Zur letzten Kategorie gehört auch die erste Single-Auskopplung „Diggin' In The Dirt“. „So viel Stefanie Heinzmann hat es noch nie auf einem Album gegeben", verspricht die Künstlerin auf der Homepage ihrer Plattenfirma Universal Music.
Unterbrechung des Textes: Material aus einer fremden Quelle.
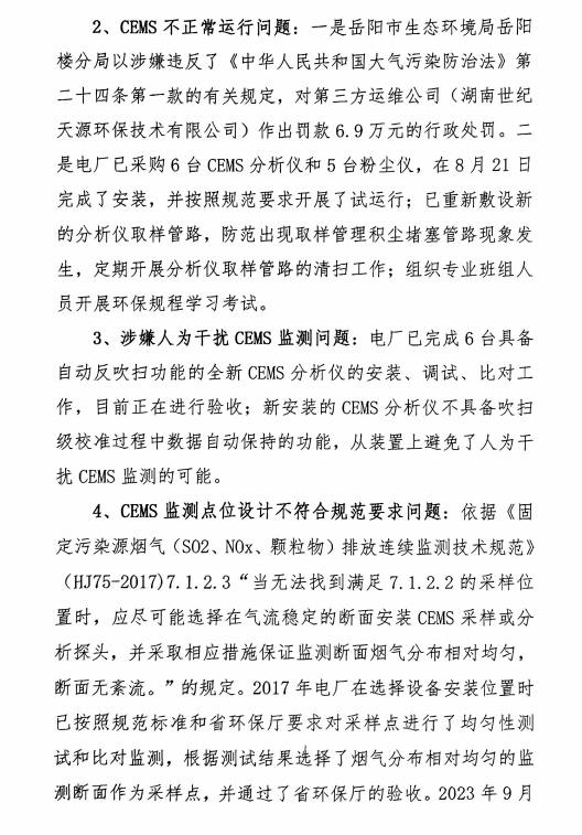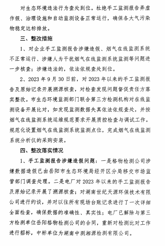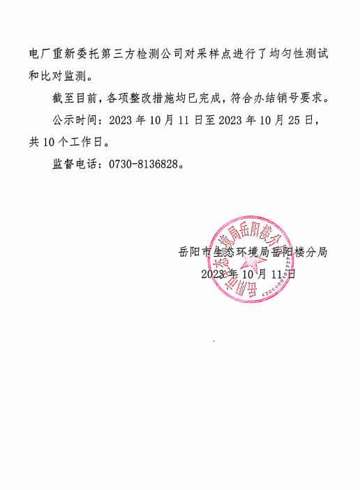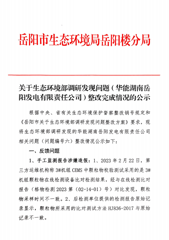 关于生态环境部调研发现问题(华能湖南岳阳发电有限责任公司)整改完成情况的公示

Ab dem 16. März kann sich jeder selbst davon überzeugen, wie viel von der sympathischen Brillenträgerin tatsächlich in der neuen Platte steckt. 
(Quelle: promiflash)


----------



## moonshine (22 Feb. 2012)

sie hat mir immer schon gut gefallen, und ich bin schon ganz gespannt auf die neue CD 


eine tolle Stimme hat sie :thumbup:


----------



## Little_Lady (22 Feb. 2012)

Diggin' In The Dirt heisst *Graben im Dreck* liebes Promiflash.


----------



## Tom G. (22 Feb. 2012)

Ihre Stimme fand ich immer schon super, ich kann mich aber nicht daran erinnern, sie schon mal so sexy gesehen zu haben.
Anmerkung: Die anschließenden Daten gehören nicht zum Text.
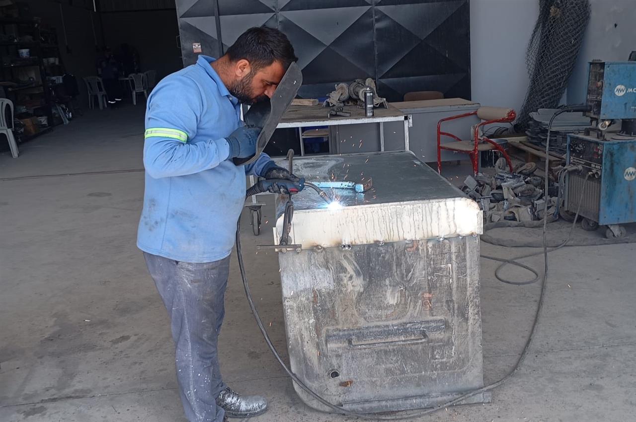 Akdeniz Belediyesi Fen İşleri Müdürlüğü’ne bağlı yeni teknik birimler sahasında hummalı bir çalışma yürüten ekipler, belediyeye ait her türlü iş makinesinin yanı sıra, çeşitli araç ve gereç ve mobilya ürünlerinin üretim, tamir, bakım ve onarımını da gerçekleştiriyor.

Der Anblick nur ihrer Schulter macht mich deutlich mehr an, als das komplette Programm von La Mica im Dschungel.

Gar nicht mag ich allerdings ihre Lippenpiercings!


----------



## kaiv1965 (27 Sep. 2012)

Schöne Schweizerin :thumbup:


----------



## Punisher (27 Sep. 2012)

gefällt mir


----------



## öhm_ja (29 Sep. 2012)

Tom G. schrieb:


> Ihre Stimme fand ich immer schon super, ich kann mich aber nicht daran erinnern, sie schon mal so sexy gesehen zu haben.
> 
> Der Anblick nur ihrer Schulter macht mich deutlich mehr an, als das komplette Programm von La Mica im Dschungel.
> 
> Gar nicht mag ich allerdings ihre Lippenpiercings!



stimmt, da geb ich dir recht.
schaut aus wie zügelösen...fehlen nur noch die zügel...


----------



## logge1968 (1 Okt. 2012)

sehr schöne stimme und natürlich hübsche frau  ich find sie klasse ..so wie das bild .. vielen dank für deinen post :thumbup:


----------



## Death Row (1 Okt. 2012)

Ich kann euch Steffi nur ans Herz legen. Nicht nur ist sie eine schnuckelige und für mich sehr schöne Frau, sondern hat zudem eine sehr emotionale Stimme. Ihr aktuelles Album ist wirklich sehr gut. Und immer wenn sie schwitzerdütsch redet find ich das total süß, auch wenn ich kein Wort verstehe


----------